Mood Vectors in Audio Diffusion: Steering Stable Audio 3

Camporese, Guglielmo

Mood Vectors in Audio Diffusion:
Steering Stable Audio 3

Guglielmo Camporese · May 2026 · Zürich

TL;DR · Can you steer the mood of a music generation model without changing a single word of the prompt? I cracked open Stable Audio 3 — a brand-new latent diffusion model — and extracted a mood direction from its DiT residual stream. Injecting it at inference shifts generated audio from grief to euphoria across 10 musical genres, same prompt and same weights. Layer 11 encodes mood with 88.3% linear separability; multi-layer steering across the top-5 layers produces perceptible valence shifts with mean Spearman ρ = 0.713 against CLAP scores. Three qualitative observations: the mood direction conflates valence and arousal (negative α slows the rhythm, not just the harmony); extreme negative α produces a haunting song-ending artifact; and harmonic genres steer cleanly while rhythmic ones resist. One critical technical discovery: register_forward_hook silently fails on @torch.compiled blocks — method monkey-patching is the fix, and it's not documented anywhere.

Motivation

Anthropic's recent work on emotion representations in Claude Sonnet 4.5 [1] showed that emotion vectors are causally active — suppressing them shifts alignment-relevant behaviours including sycophancy and reward hacking. My previous post replicated the geometric structure in Qwen3-8B and found a sharp positive/negative asymmetry in causal layer windows.

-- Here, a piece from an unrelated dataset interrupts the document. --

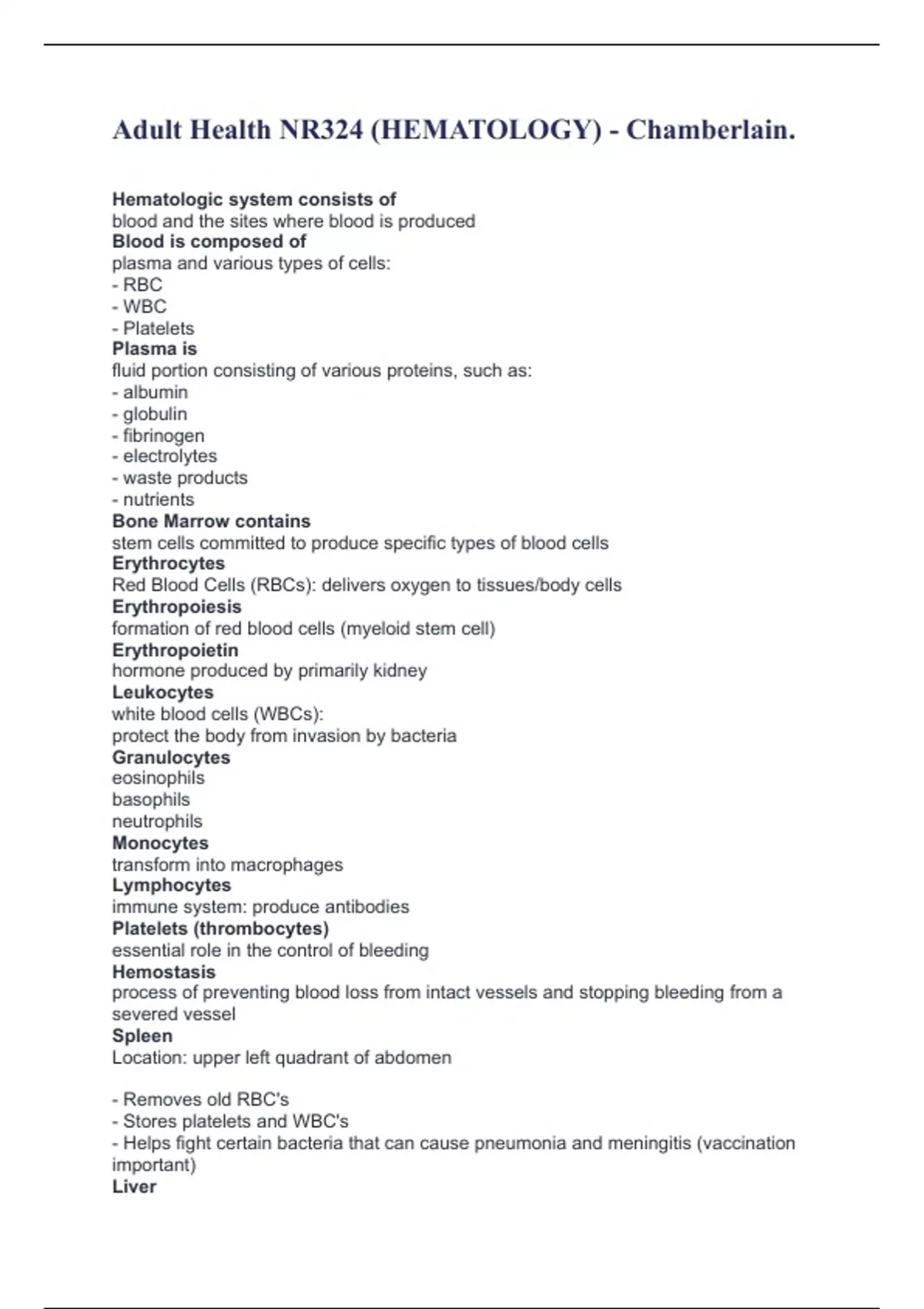 Adult Health NR324 (HEMATOLOGY) - Chamberlain. Hematologic system consists of blood and the sites where blood is produced Blood is composed of plasma and various types of cells: - RBC - WBC - Platelets Plasma is fluid portion consisting of various proteins, such as: - albumin - globulin - fibrinogen - electrolytes - waste products - nutrients Bone Marrow contains stem cells committed to produce specific types of blood cells Erythrocytes Red Blood Cells (RBCs): delivers oxygen to tissues/body cells Erythropoiesis formation of red blood cells (myeloid stem cell) Erythropoietin hormone produced by primarily kidney Leukocytes white blood cells (WBCs): protect the body from invasion by bacteria Granulocytes eosinophils basophils neutrophils Monocytes transform into macrophages Lymphocytes immune system: produce antibodies Platelets (thrombocytes) essential role in the control of bleeding Hemostasis process of preventing blood loss from intact vessels and stopping bleeding from a severed vessel Spleen Location: upper left quadrant of abdomen - Removes old RBC's - Stores platelets and WBC's - Helps fight certain bacteria that can cause pneumonia and meningitis (vaccination important) Liver

The natural next question: does the same kind of linear structure appear in generative audio models? Stable Audio 3 is architecturally different from a language model — it generates continuous waveforms through iterative denoising, not next-token prediction — yet its backbone is still a Transformer operating on a residual stream. If the linear representation hypothesis holds broadly across modalities, mood should be recoverable somewhere in that stream.

This post tests that hypothesis on the freshest possible target: Stable Audio 3 medium, released by Stability AI in May 2026 [2].

Stable Audio 3

Stable Audio 3 is a latent diffusion model for variable-length audio generation released by Stability AI in May 2026 [2]. Its architecture has three components:

SAME (Semantic-Acoustic autoencoder) — encodes 44.1 kHz stereo audio into a compact latent space, 852M parameters.
DiT (Diffusion Transformer) — a 24-layer ContinuousTransformer on the latent space, conditioned on text via cross-attention to T5Gemma and on duration via adaptive layer norm. d_model = 1536.
Decoder — reconstructs waveforms from denoised latents.

I use stable-audio-3-medium (1.4B DiT parameters, open weights). The residual stream has dimension 1536 across 24 transformer blocks.

The @torch.compile Problem — Read This First

This section comes before the method because it affects everything downstream. SA3's TransformerBlock is decorated with @torch.compile. Standard register_forward_hook calls fire on the compiled output but do not modify the actual computation — the traced graph has already been fixed, and hooks run on a copy that is discarded. My initial steering had zero perceptible effect even at α = 100.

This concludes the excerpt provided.